Король достал из-под плаща тяжелый замшевый мешочек и положил его на стол.
– Тут триста фунтов золотом и семьсот банкнотами, – сказал он. Холмс нацарапал расписку на листке из блокнота и отдал ее королю.
– Адрес мадемуазель? – спросил он.
– Вилла «Бриония», Серпентайн-авеню, Сент-Джонс-Вуд.
Холмс записал.
– Еще один вопрос, – сказал он. – Фотография кабинетного размера?
– Да.
– В таком случае доброй ночи, ваше величество, и, надеюсь, скоро у нас появятся для вас хорошие новости. И вам доброй ночи, Ватсон, – добавил он, когда колеса королевского кабриолета застучали по мостовой. – Если вы будете так любезны и заглянете сюда завтра в три часа, я буду рад обсудить с вами это дельце.
IIЯ был на Бейкер-стрит ровно в три часа, но Холмс еще не вернулся. Квартирная хозяйка сказала мне, что он ушел утром вскоре после восьми. Я сел у камина, намереваясь дождаться его, сколько бы времени ни потребовалось. Расследование это меня глубоко заинтересовало, пусть ему и не были присущи зловещие и интригующие черты тех двух преступлений, о которых я уже рассказал в прошлом. Однако суть этого дела и высокое положение нашего клиента придавали ему особый интерес. К тому же, помимо особого характера расследования, за которое взялся мой друг, его мастерская оценка любой ситуации, его острые как бритва, неопровержимые логические построения превращали в истинное наслаждение возможность изучать методы его работы и наблюдать быстрые, хитрые приемы, с помощью которых он раскрывал самые запутанные тайны. И я так привык к его непрерывным успехам, что мне и в голову не приходило, что он способен потерпеть неудачу.

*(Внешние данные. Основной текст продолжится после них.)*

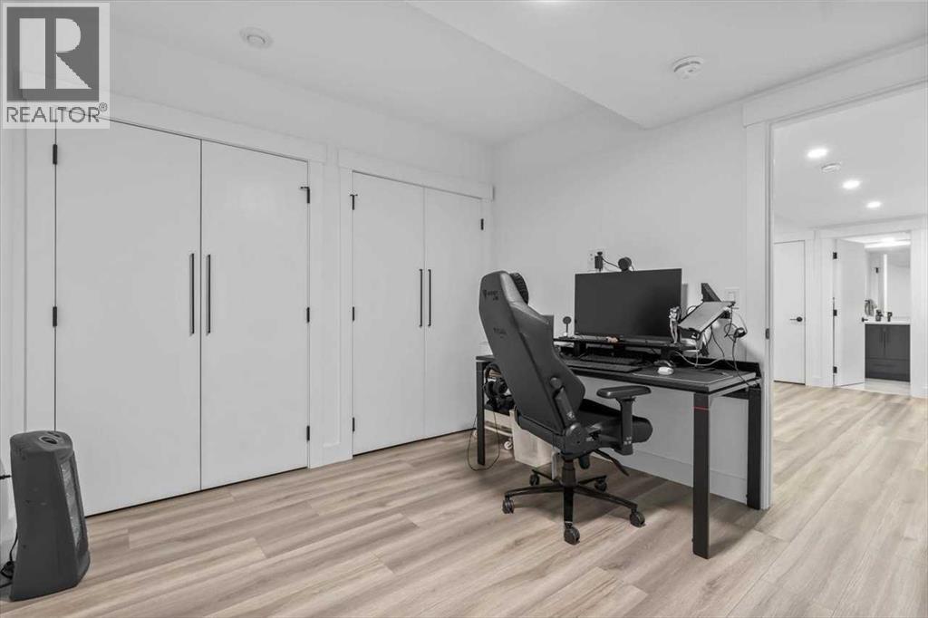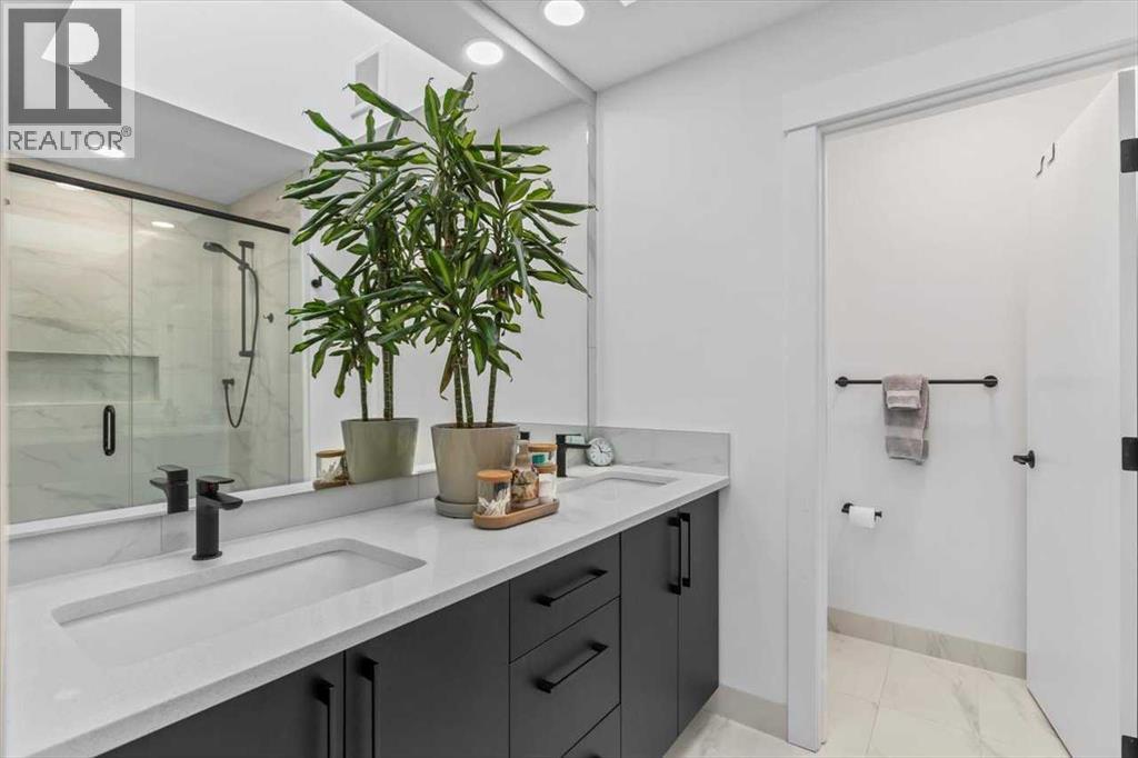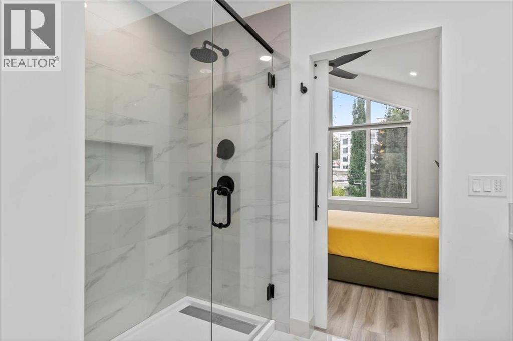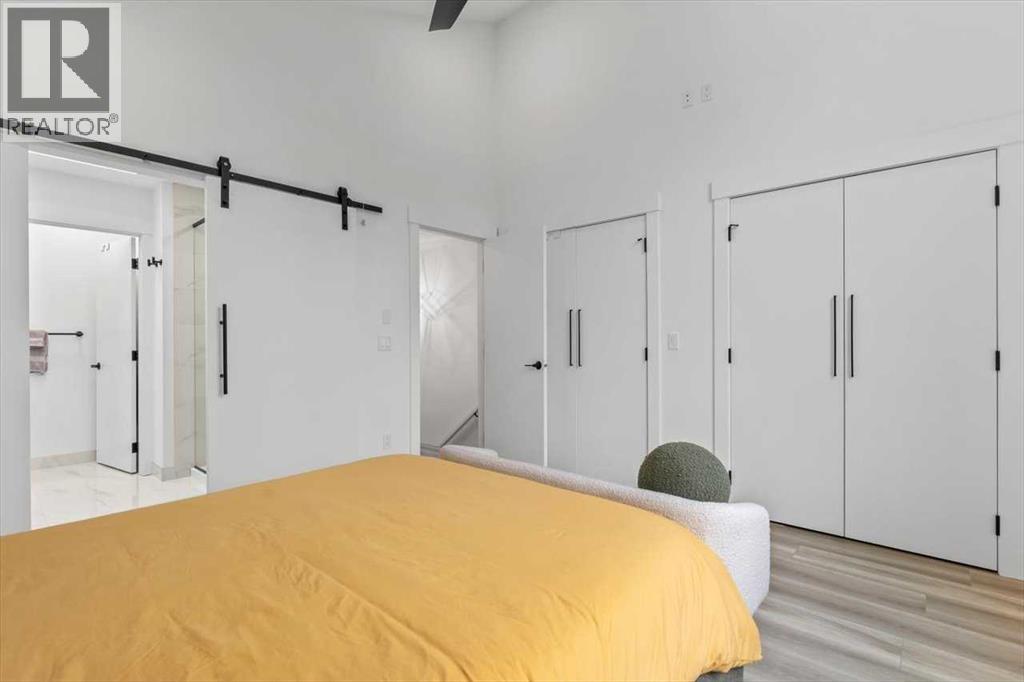 ---- Open house Sat. Nov. 29 from 1-3 pm -----Welcome to this Immaculate and thoughtfully designed town home in the heart of Marda Loop, over 1,700 sq ft of living space, just minutes away from downtown. Features superior party wall system between units. Main floor showcases 11 ft ceiling, open concept layout, vinyl plank flooring, designer built entry unit. The living room is spacious featuring a wall unit, sleek tile, and a Bluetooth enabled electric fireplace. The kitchen is equally impressive, boasting a large island with quartz counter top, ideal for entertaining, ample soft- close cabinetry, stainless steel appliances. The large south facing sliding door brings in rays of sunshine and light through out the day, tastefully covered with Hunter Douglas honeycomb shades and floor to ceiling blackout drapes for privacy professionally installed by Normandeau, overlookimg a fenced, cozy yard leading to a single detached garage.This floor is completed by a spacious guest half bath. Upstairs, the primary bedroom is a true retreat, with vaulted ceilings, double door his and hers closets, large windows with professionally installed electric blackout honeycomb shades. The barn door leads into a spa-like en-suite with heated flooring, double sink vanity, quartz counters, skylight, oversized tiled shower and dual shower heads. The second large bedroom also has it's own en-suite and skylight, plus manual honeycomb shades. The fully finished basement boasts a bright family/ flex room. A third spacious bedroom with a walk-in closet and a full bath. THIS HOME COMES WITH COUNTLESS UPGRADES- A/C, high efficiency furnace, humidifier, thankless hot water on demand, radon extraction sump pump, built-in speaker system, light dimmers in master bedroom, smart thermostat (ecobee), bathroom fan timers, kitchen and master bedroom lights can be manged through smartphone. This exceptional home offers the best of urban living in an ideal location. This is the one you have been waiting for. Book a showing today. (id:55577)
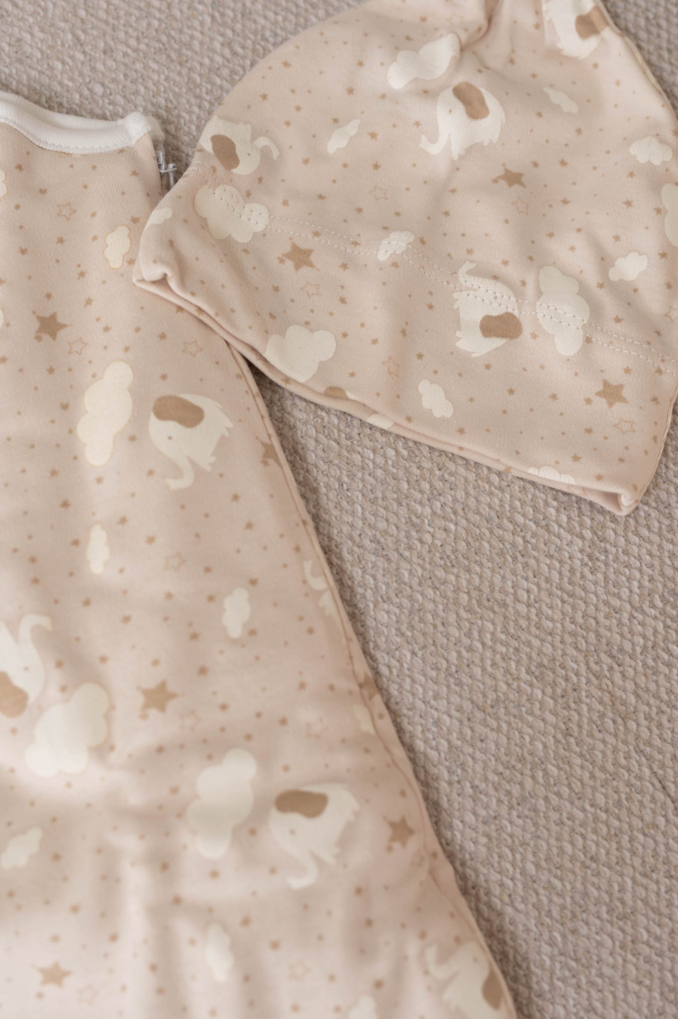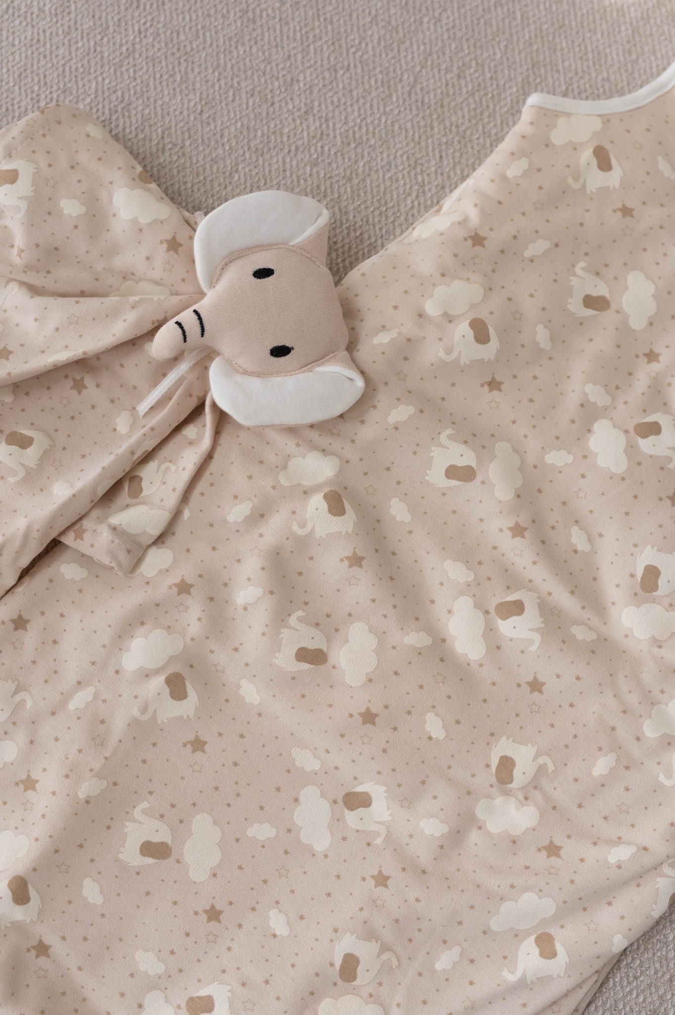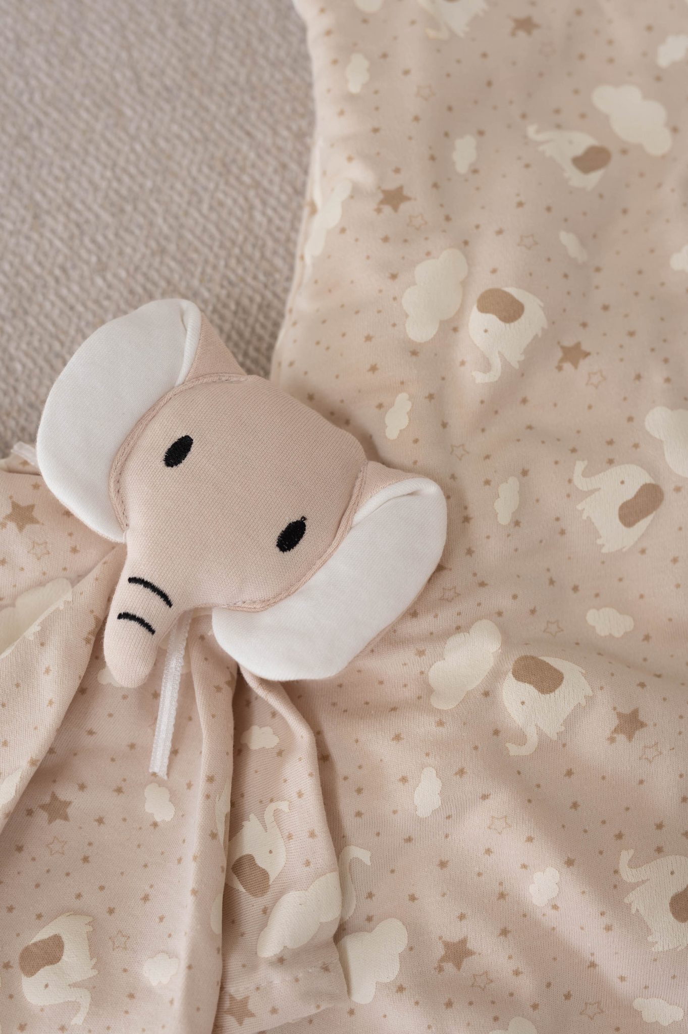 – Couleur taupe et imprimé éléphant, étoiles et nuages
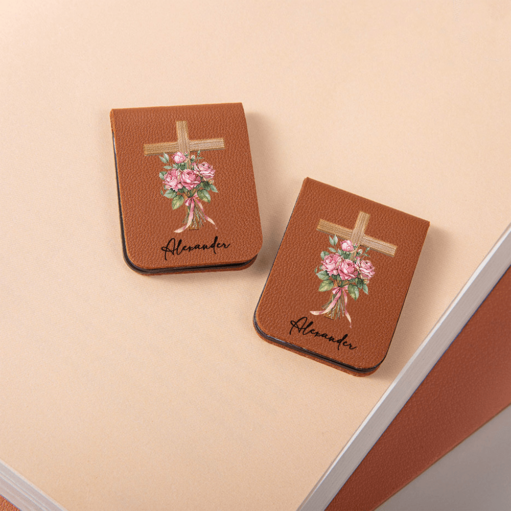 Personalized Watercolor Birth Flower Cross Magnetic PU Leather Bookmark Clip with Name Birthday Gift for Book Lovers Bookworms
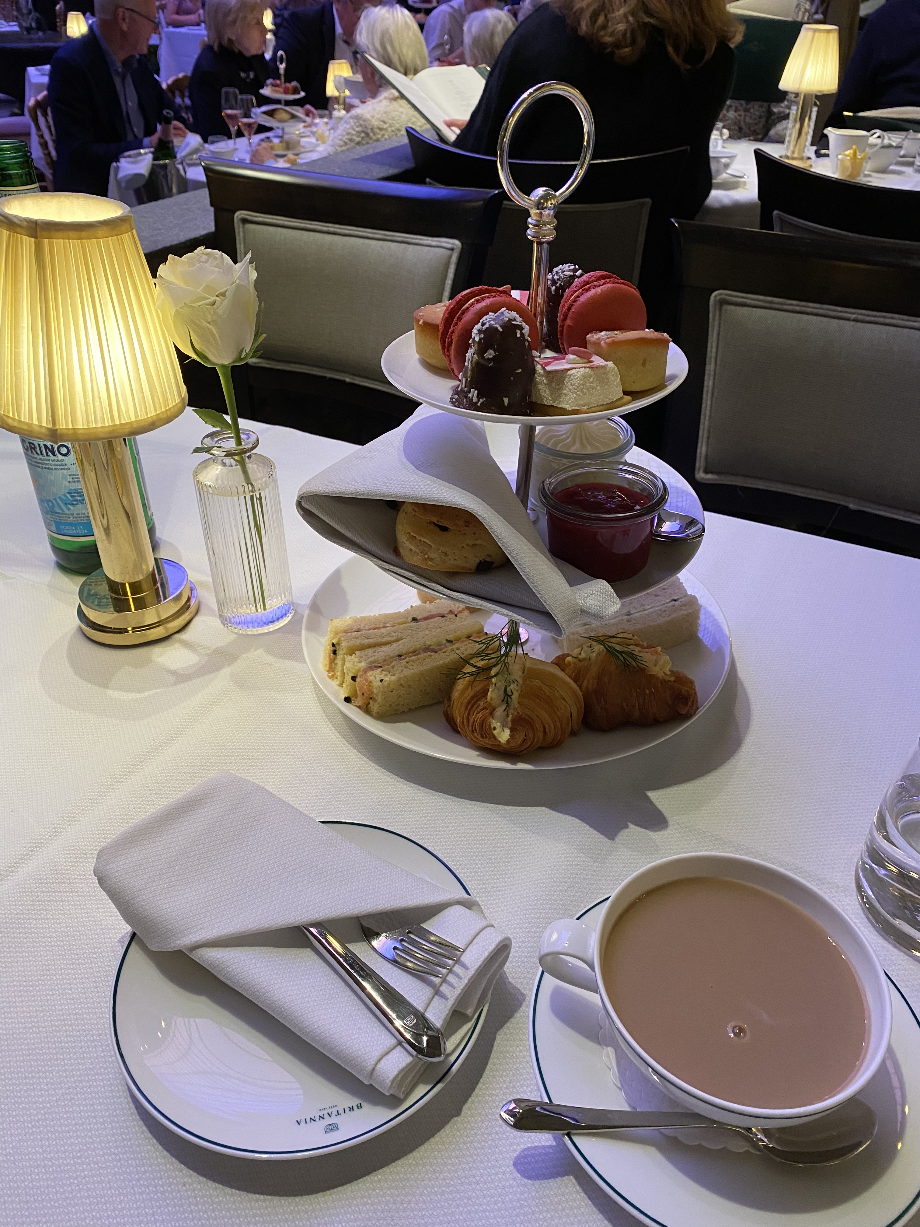 Vi kommer ned efter utflykten och utsikterna i god tid för att skifta kläder till vårt afternoon tea. Nu är det dags för min tweedkostym, Z stassar till sig med sin vackra Ilse Jacobsenklänning. Palmehaven är fylld av sorl, loungemusik från mannen vid flygeln, serveringspersonalen löper gatlopp med ställningarna med läckerheterna: fingersandwich, scones med sylt/marmelad, kakor… Ja, te till, förstås. Jag väljer husets egen blandning av Earl Grey.

Было уже четыре, когда дверь отворилась и в комнату ввалился заметно пьяный конюх, нечесаный, с багровым лицом в рамке бакенбард и в ветхой одежде. Как ни привык я к поразительному умению моего друга менять внешность, мне пришлось трижды вглядеться, прежде чем я убедился, что передо мной и правда Холмс. Кивнув мне, он скрылся в спальне, откуда вышел через пять минут в твидовом костюме, воплощением респектабельности. Сунув руки в карманы, он вытянул ноги перед огнем и минуту-другую весело смеялся.
– Право же! – вскричал он, поперхнулся и опять начал смеяться, пока не вынужден был откинуться в кресле, совсем ослабев.
– Что с вами?
– Нестерпимо смешно! Уверен, вы ни за что не догадаетесь, чему я посвятил свое утро или что в завершение я сделал.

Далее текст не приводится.